However, temperature sensors that use conventional thermistor devices have a large amount of dispersion in their resistance-temperature characteristic (R-T characteristic), for example, their temperature accuracy is +20-30.degree. C. (room temperature to 600.degree. C.), which is not sufficient for high-precision system control. Thus, in order for them to be incorporated into such systems, the development of thermistor devices that can achieve higher temperature accuracy is desirable. To this end, the present inventors have performed diligent studies of the structure. Manufacturing methods and other aspects of conventional thermistor devices, and as a result found the following problems with increasing the temperature accuracy.
To wit, in the aforementioned solid-phase method, the mixing and grinding of a plurality of oxide materials is performed by means of a ball mill or the like, but because of inadequate grinding capacity, the average grain size of the thermistor materials after grinding has a limit of 1-2 .mu.m, so uniform mixing is not achieved. In addition, because of this difference in the average grain size of the oxide materials, the reactions do not proceed uniformly in the calcining, sintering and other heat treatments, so the thermistor raw material composition produced by the thermal reactions becomes non-uniform.
Moreover, in the aforementioned mixing and grinding operations performed by ball mill or the like, the constituent elements of the alumina balls or the like in the grinding media become mixed into the thermistor materials as impurities, thus causing resistance dispersion or divergence from the desired composition of the thermistor device. Therefore, the resistance-value dispersion of the thermistor device obtained becomes large and a temperature sensor that uses this thermistor device will have dispersion in its R-T characteristic, leading to degraded temperature accuracy.

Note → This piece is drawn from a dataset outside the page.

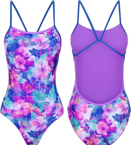 The Amanzi Wild Blooms one piece has an exotic print featuring wild tropical flowers with palm fronds, stylized into a beautiful collage in shades of blue and purple. The intricate design captures the lushness and vibrancy of the tropics, with each individual flower and frond carefully crafted to create a visually stunning composition. The blue and purple hues add depth and dimension to the print, making it a truly eye-catching piece that is sure to make a bold statement at the pool.

In passing, in the current state, the aforementioned systems cannot be built with the temperature accuracy of temperature sensors that use conventional thermistor devices, so high-accuracy but high-cost thermocouples or platinum resistors or the like are used as the temperature sensors instead. However, in either case, as of now there are no temperature sensors that use thermistor devices that have a temperature accuracy (e.g., .+-.5.degree. C. over room temperature to 600.degree. C.) of a level that can be applied to the aforementioned systems and the like.
To this end, in light of the aforementioned problems, the second object of the present invention is to provide a method of manufacturing a thermistor device from a sintered body such that the dispersion of the resistance value of the thermistor device is reduced.
On the other hand, when the aforementioned thermistor device is used in a temperature sensor that detects the temperature of automobile exhaust gas, the thermistor device located at the detector tip of the temperature sensor is typically covered with a metallic cap for the purpose of preventing the accumulation of debris, soot or the like from the gas being monitored. Here, since the metallic cap is subjected to thermal oxidation due to the heat of the hot exhaust gas at roughly 900.degree. C., the interior of the metallic cap is a reducing environment, and thus the thermistor device inside is subjected to a reducing action and its resistance value may change, causing problems.
For this reason, temperature sensors are typically placed in electric furnaces and subjected to thermal aging treatment at 900-1000.degree. C. for 100 hours. However, while the temperature sensor is in service, in the event that air should enter the interior of the cap due to a hole in the cap or the cap becoming loose, there is a risk that the thermistor device itself will again be subjected to a reducing environment and the aforementioned change in the resistance will occur.
In JP-A-9-69417, even though special metallic materials, e.g. Inconel 600.TM. or other materials, are selected for the metallic cap and machining is performed, the problem of the change in resistance value is still not solved in the case in which the thermistor device itself is subjected to a reducing environment.
In either case, there has not been provided a thermistor device that exhibits resistance-value stability when the thermistor device itself, in a temperature sensor or the like is subjected to a reducing environment.
In light of the aforementioned problems, the third object of the present invention is to provide a device structure that has resistance-value stability even in the case when the thermistor device is subjected to a reducing environment.